I don't know how I knew, but I did know that that house was a home of
love. I don't know how I knew, but I did know, that that sweet woman,
who had been the daughter of a well-to-do man, had chosen the doctor out
of all the men in the world when he was only a medical student fresh
from Germany or Switzerland. I don't know how I knew, but I did know,
that leaving father and mother and a sheltered home she had followed her
young husband when he first came to Ellan without friends or
connections, and though poor then and poor still, she had never
regretted it.
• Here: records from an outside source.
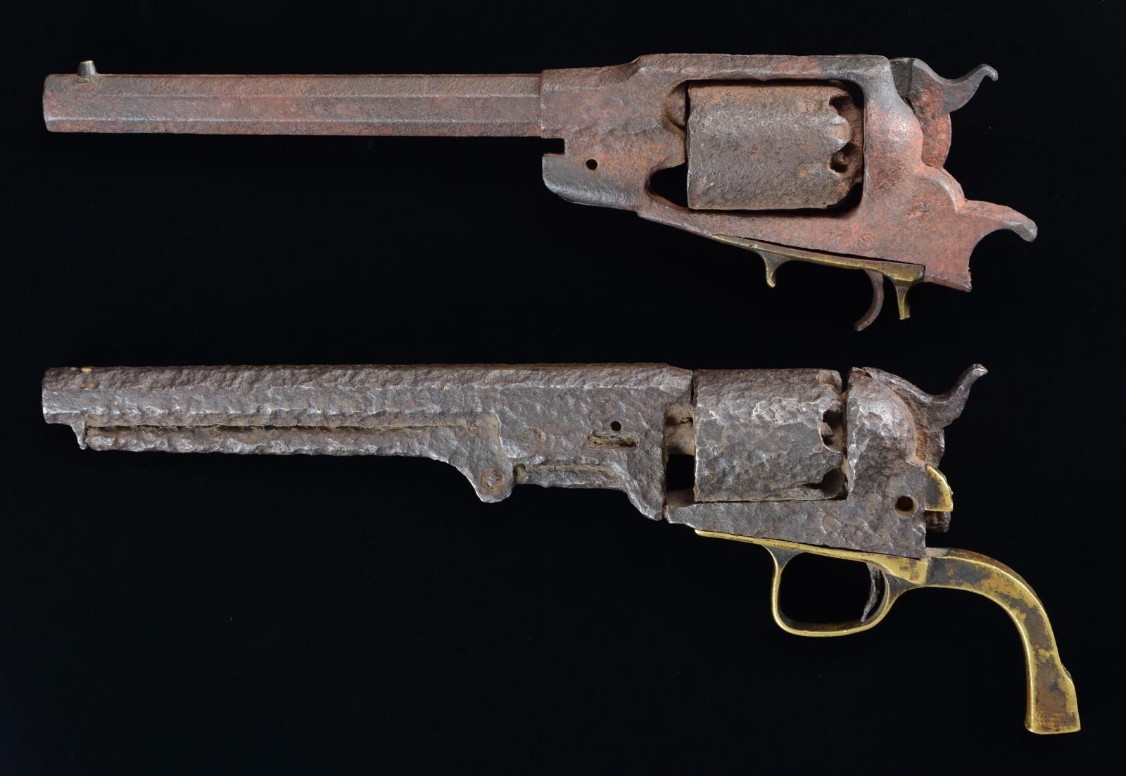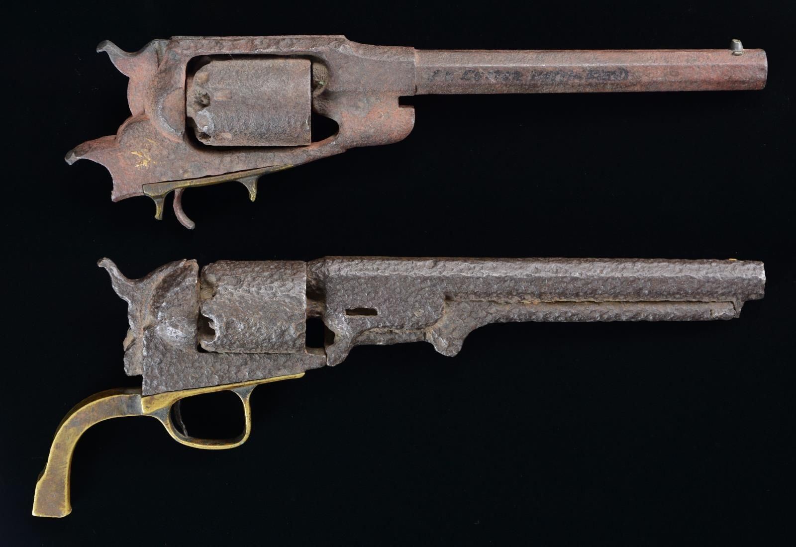 Colt M-1851 Navy, S# 142838 made in 1863, lacking backstrap but otherwise complete. Remington New Model Navy revolver lacks loading assembly, grip frame, and trigger bow, no discernible markings. No information as to where collected, but relic guns all have a story. CONDITION: good for dug up relics, heavy iron patina and deep pitting, both revolvers frozen, though hammer moves on Remington. PROVENANCE: Martin Lane Historic & Western Americana Lifetime Collection. (02-21410/JS). $800-1,200.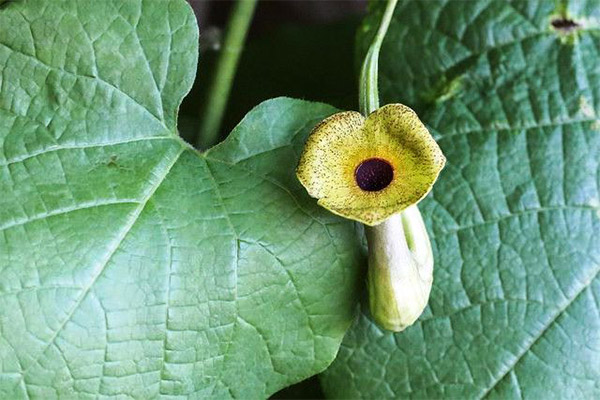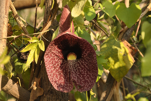 - Curled Kirkazon. The length of the herbaceous liana can reach 1 m. The root, unlike other species, is small and rounded. The bark exudes a pungent odor and is colored yellow. The leaf is not very large, about 3-7 cm long, slightly elongated triangular-cordate in shape. Flowers are small, branched. The fruit has a pronounced oval shape. Seasonal flowering time falls in July and August. Roots and fruits are used for medicinal purposes. Particularly popular in Chinese and Korean medicine, the fruit of this species is called "maduren" in China. The main place of growth is in the Far East. Usually grows in thickets, not far from water bodies.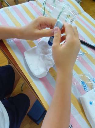 何度かお伝えしている3年生の図画工作「ガポガポさん」の紙粘土の色を付けている場面に出会うことができました。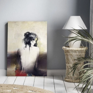 Obraz na płótnie - Subtelny portret kobiety w akwarelowym stylu - 50x70cm - Łagodne linie, owalne kształty - Nowoczesna dekoracja ścienna do salonu, kuchni i sypialni ARTTOR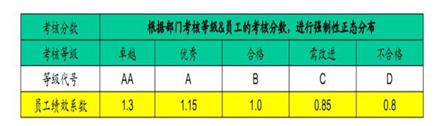 绩效系数 | 1.2 | 1.0 | 0.9 | 0.8 | 0.6 | 0.4 | 0 |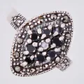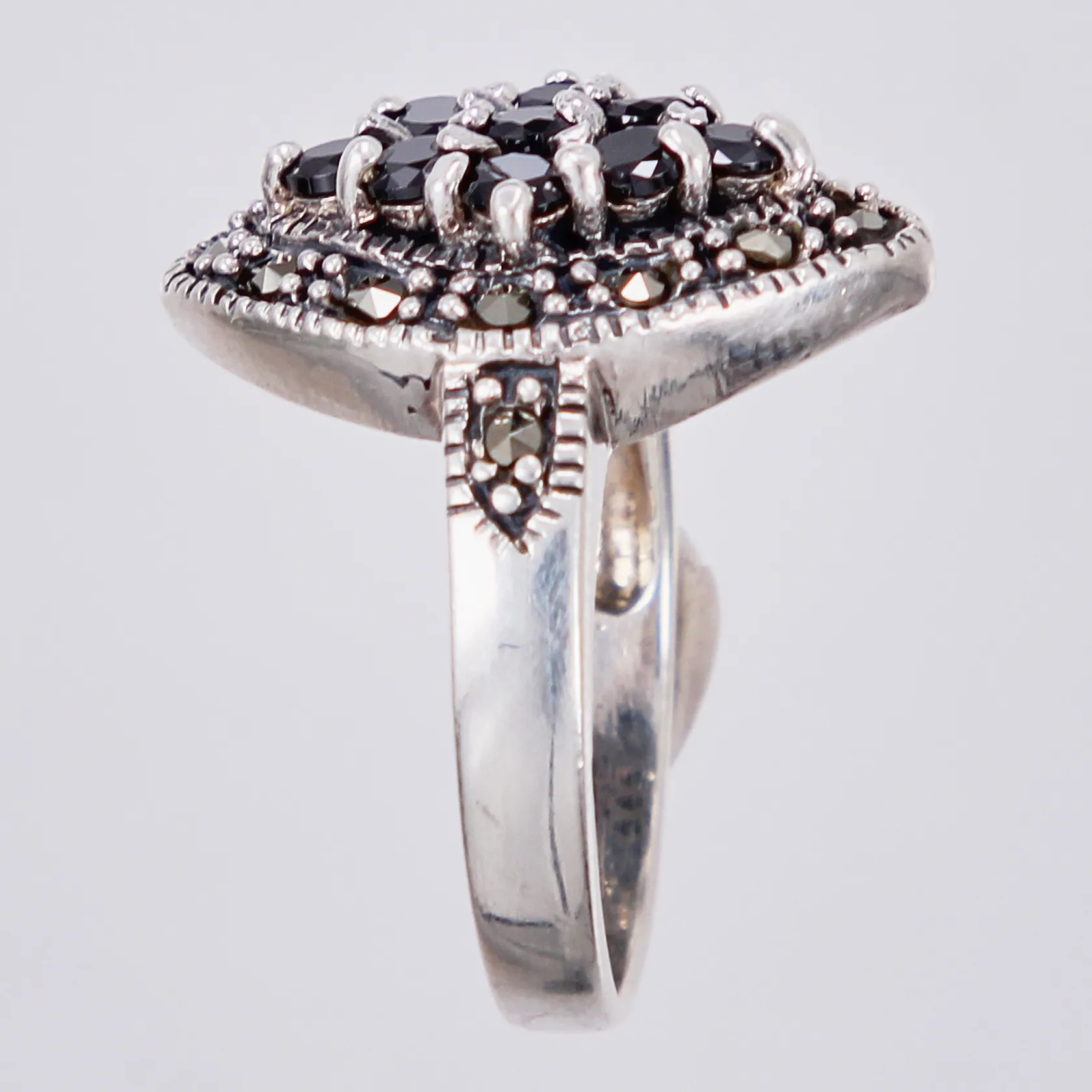 Ring med markasiter och onyx stl: 16¾ bredd: ca 3-19mm, 925/1000 silver Vikt: 4,9 g.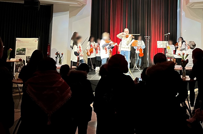 Den Auftakt machte die Musik-AG der Albert-Gutzmann-Schule mit einer Darbietung der Geigen-Gruppe unter Leitung von Musiklehrer Ulrich Weber. Sie spielten klassische Stücke sowie bekannte Kinderlieder. Nach einer kurzen Begrüßung durch das Quartiersmanagement und Bezirksstadtrat Ephraim Gothe folgten weitere Stücke auf der Flöte. Das Publikum war begeistert vom Können der jungen Musikerinnen und Musiker aus ihrem Quartier. Danach wurde es dynamisch: Die Kinder vom Zirkus Internationale führten einen beeindruckenden Stockkampf-Tanz auf.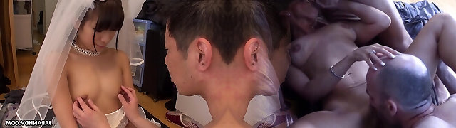 Cool Japanese bride in white lingerie bangs a dirty aged man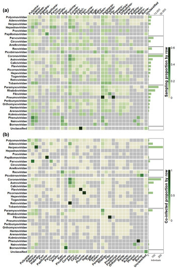 Heat map displaying the screening effort and detection of each pairwise host and viral family combination recorded in the database. The bar chart on the right displays the number of individual bats tested or infected from each host family for each row. The heat map then displays the proportion of those individuals tested or co-infected with the viral family on each column. Values used to generate the plot are from Tables S5 and S6. (a) Screening effort. (b) Co-infections detected. Grey cells are combinations not tested for. Columns and rows are grouped by virus genome structure. The same viral families, in abbreviated form, are present in Figure 5.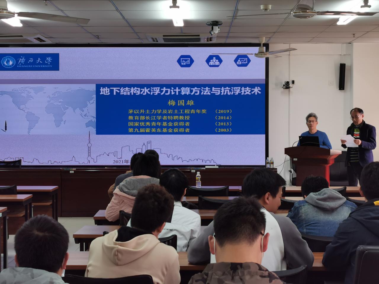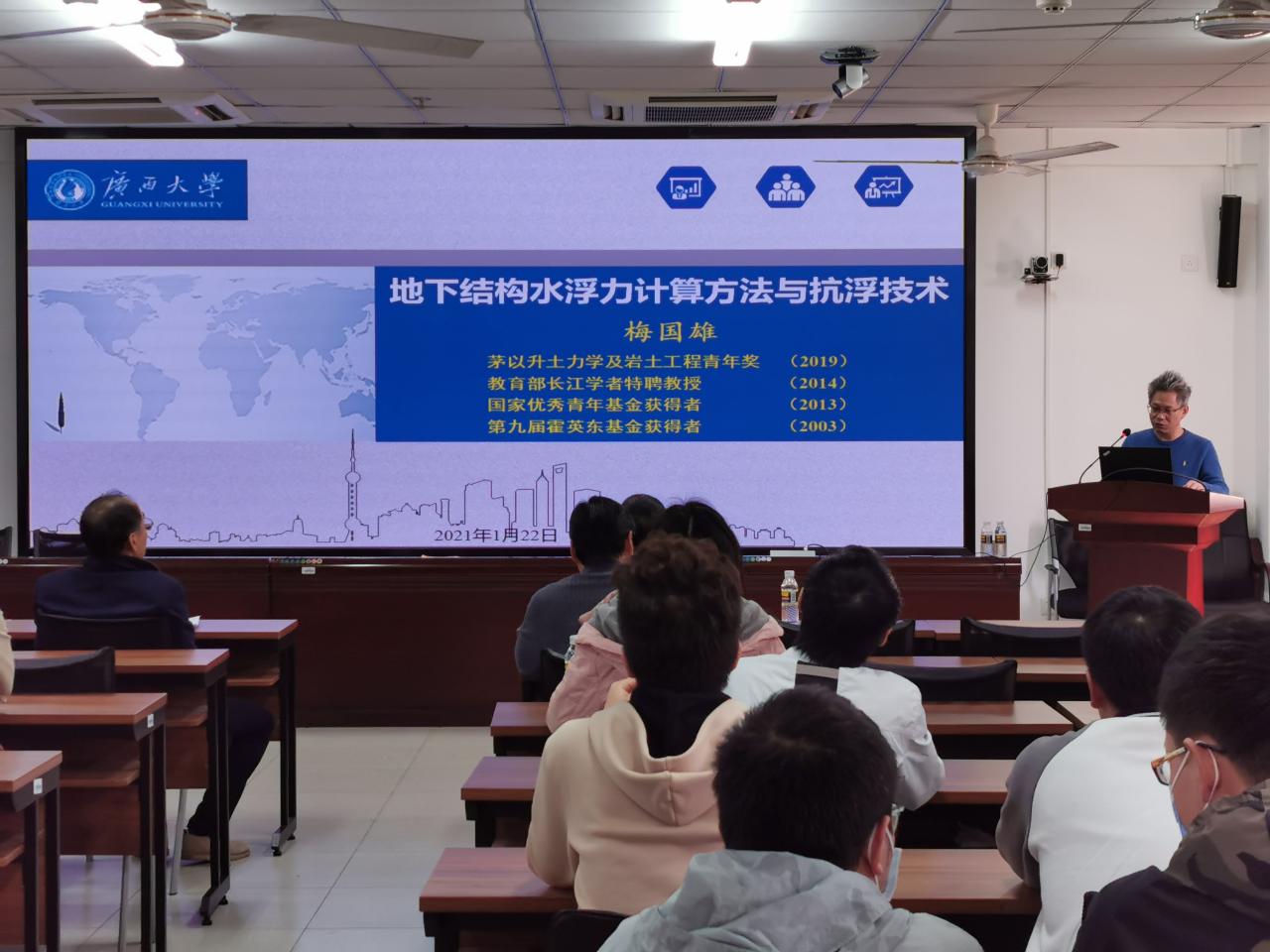 2021年1月22(周五)下午2:00-3:00点广西大学工程防灾与结构安全教育部重点实验室主任梅国雄应必赢官网周智院长的邀请,在437ccm必赢国际版研发楼510报告厅做《地下结构水浮力计算与抗浮关键技术》学术报告。报告会由张友良副院长主持,我院教师和研究生近30人参加了此次学术报告会。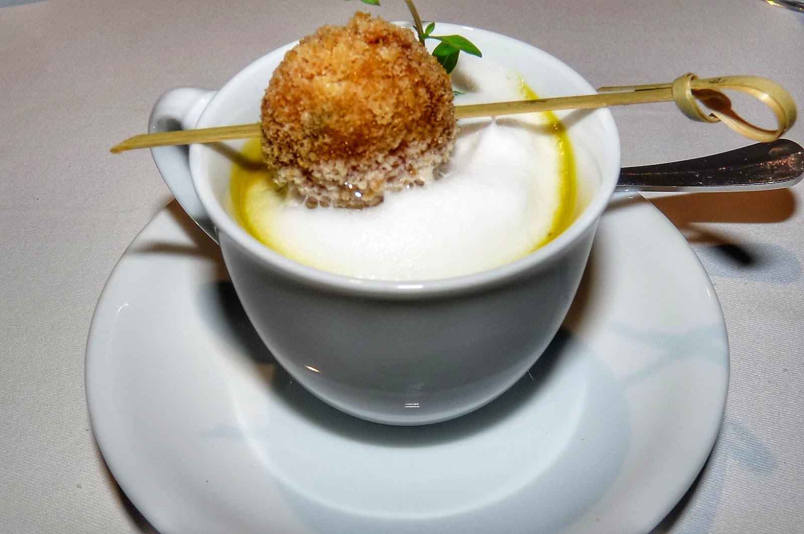 Uno de los platos de la carta del David Kitchen que está en el listado de la cocina de autor del chef O (la carta cuenta con un apartado especial) es la Velouté de calabaza con croqueta y huevo.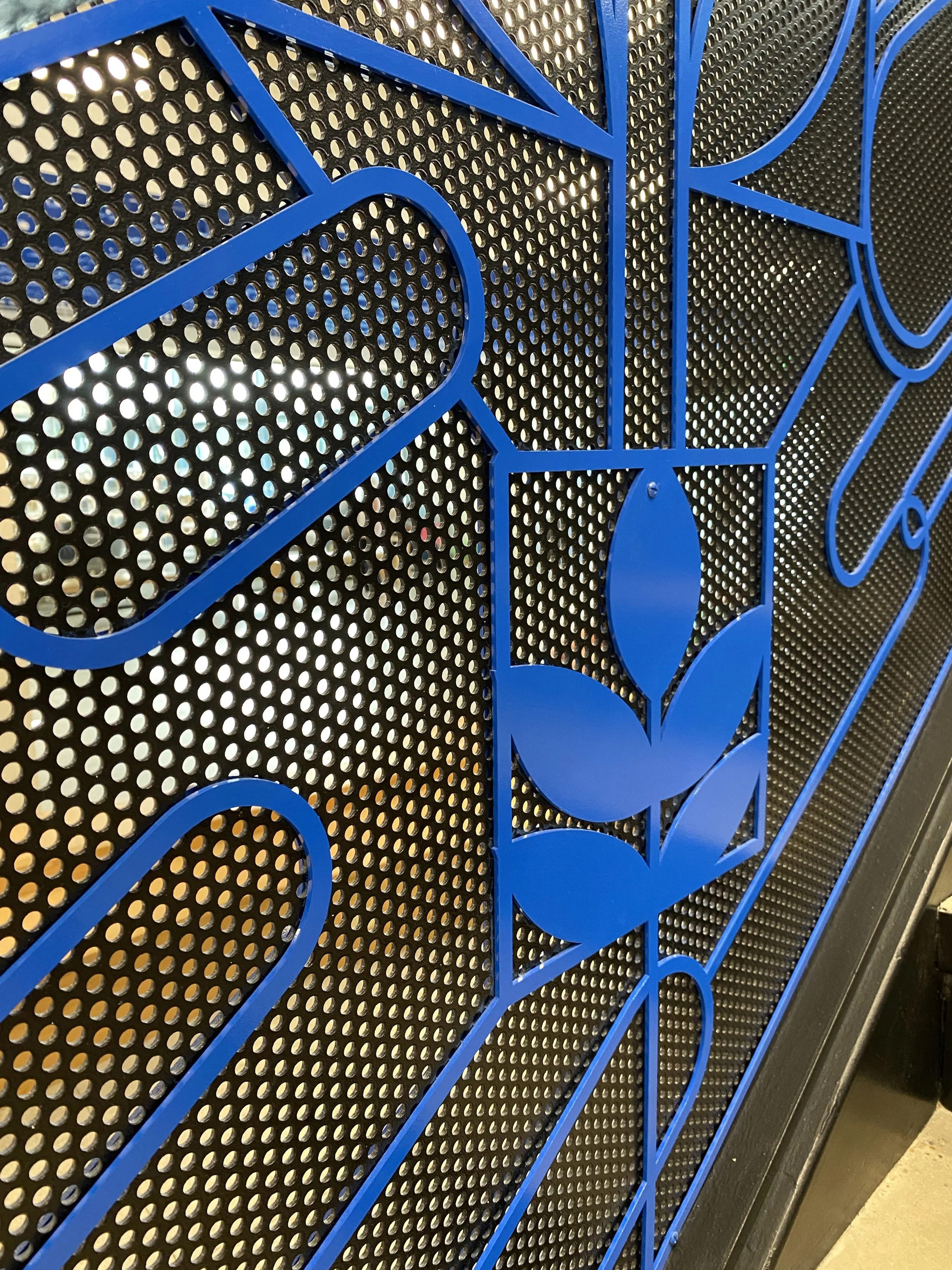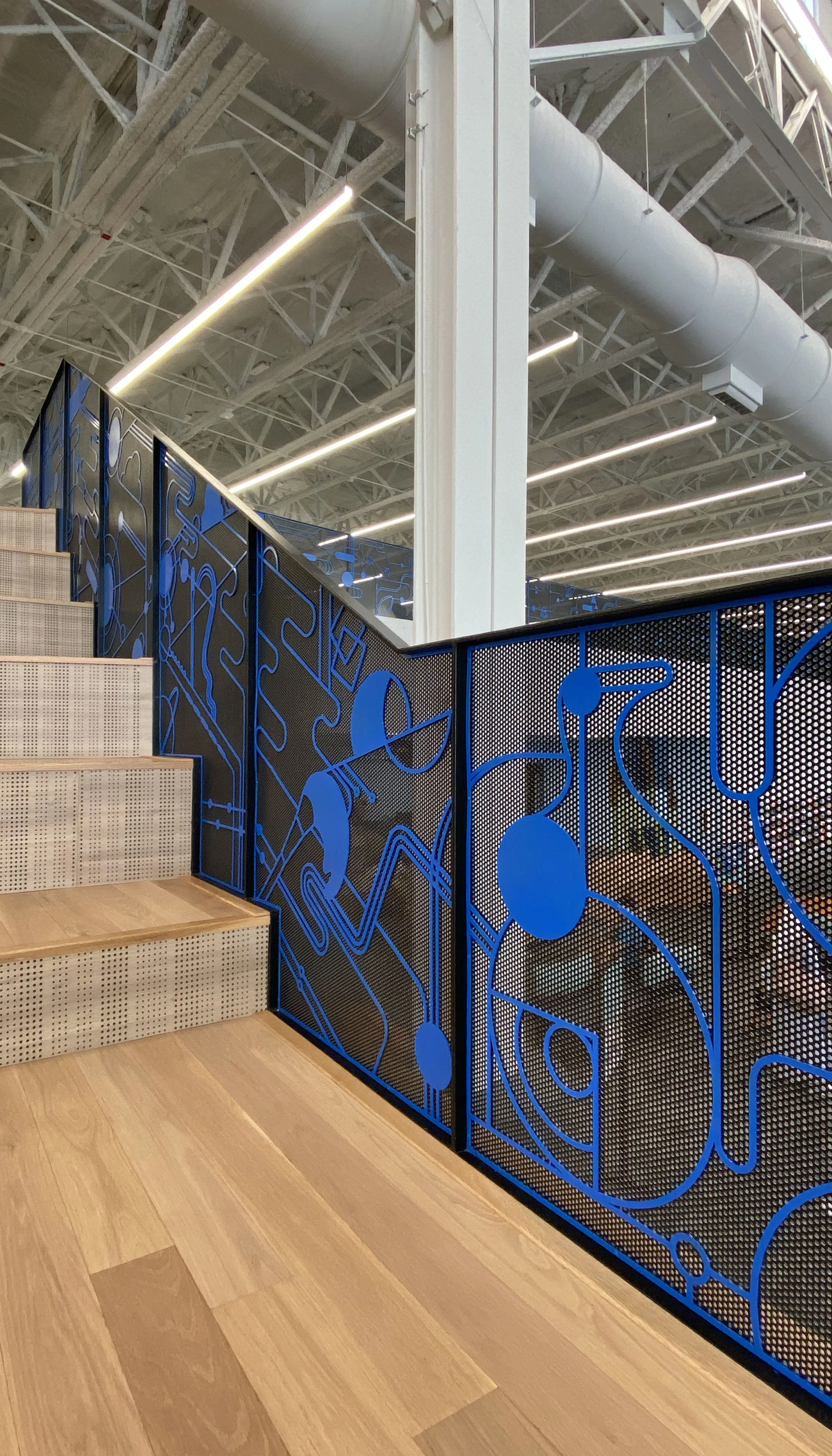 The stair guardrails introduced a more complex geometry, requiring select illustrations to be thoughtfully adapted in order to preserve the fluidity of the overall composition.

I don't know how I knew, but I did know, that all this was
the opposite of what had happened to my own dear mother, who having
everything yet had nothing, while this good creature having nothing yet
had all.
SEVENTH CHAPTER
When I awoke next morning the sun was shining, and, after my hair had
been brushed smooth over my forehead, I was sitting up in bed, eating
for breakfast the smallest of bantam eggs with the smallest of silver
spoons, when the door opened with a bang and a small figure tumbled into
my room.
It was a boy, two years older than myself. He wore a grey Norfolk jacket
and knickerbockers, but the peculiarity of his dress was a white felt
hat of enormous size, which, being soiled and turned down in the brim,
and having a hole in the crown with a crop of his brown hair sticking
through it, gave him the appearance of a damaged mushroom.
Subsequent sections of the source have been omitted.